**About this task**.
Repeat the lines from the one containing "This image depicts" through the last line of the data, exactly, pictures omitted.

(Beginning of Data to process)

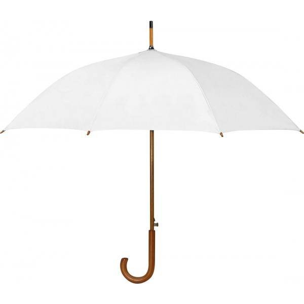 Automatyczny, wiatroodporny parasol z wykonany z włókna szklanego z zakrzywioną drewnianą rączką.
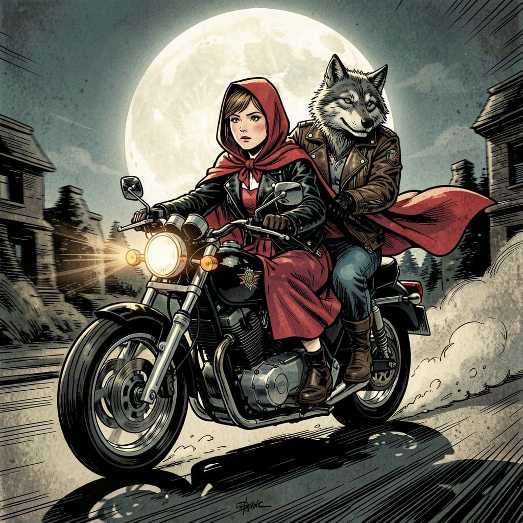 This image depicts Red Riding Hood on a powerful motorcycle with the Big Bad Wolf. Rendered in a gritty comic book style with cinematic lighting and moody colors, it shows a dramatic night scene.
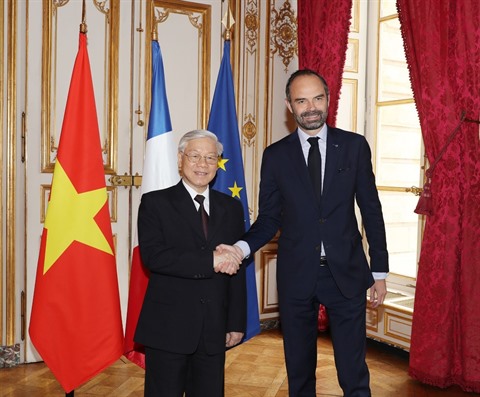 | Le le secrétaire général du PCV Nguyên Phu Trong (gauche) et le Premer ministre français Édouard Philippe, le 26 mars à Paris en France. |
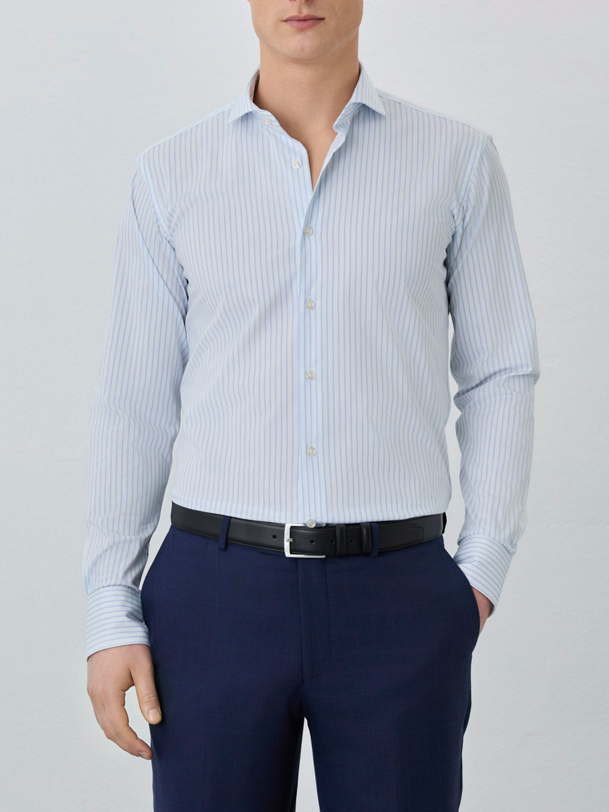 Slim Fit Shirt With Dublin Collar In Cotton Blend With Stripes
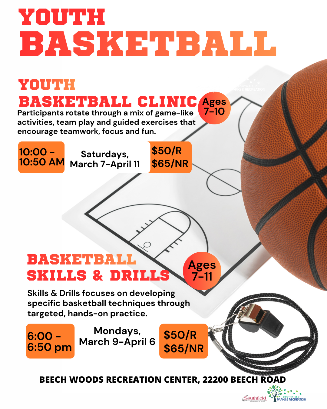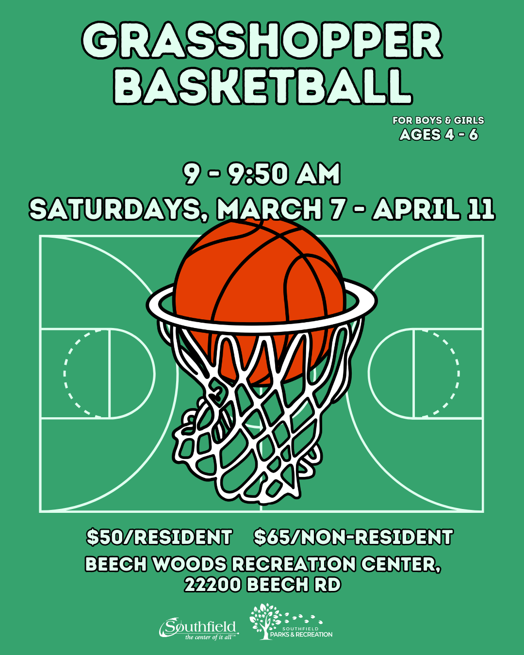 Spots fill quickly each season. Register early to secure your child’s place on the court and be part of another great winter of Youth Basketball at Beech Woods Recreation Center.
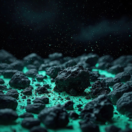 This abstract image features dark, textured rocks illuminated by a vibrant, ethereal green light. The composition highlights a low-angle perspective with a backdrop of a starry sky. The scene is rendered in a digital art style. Suitable for creative projects, design assets and visual content for diverse applications.

(End of Data to process)

**The completed task**.
 This image depicts Red Riding Hood on a powerful motorcycle with the Big Bad Wolf. Rendered in a gritty comic book style with cinematic lighting and moody colors, it shows a dramatic night scene.
 | Le le secrétaire général du PCV Nguyên Phu Trong (gauche) et le Premer ministre français Édouard Philippe, le 26 mars à Paris en France. |
 Slim Fit Shirt With Dublin Collar In Cotton Blend With Stripes
 Spots fill quickly each season. Register early to secure your child’s place on the court and be part of another great winter of Youth Basketball at Beech Woods Recreation Center.
 This abstract image features dark, textured rocks illuminated by a vibrant, ethereal green light. The composition highlights a low-angle perspective with a backdrop of a starry sky. The scene is rendered in a digital art style. Suitable for creative projects, design assets and visual content for diverse applications.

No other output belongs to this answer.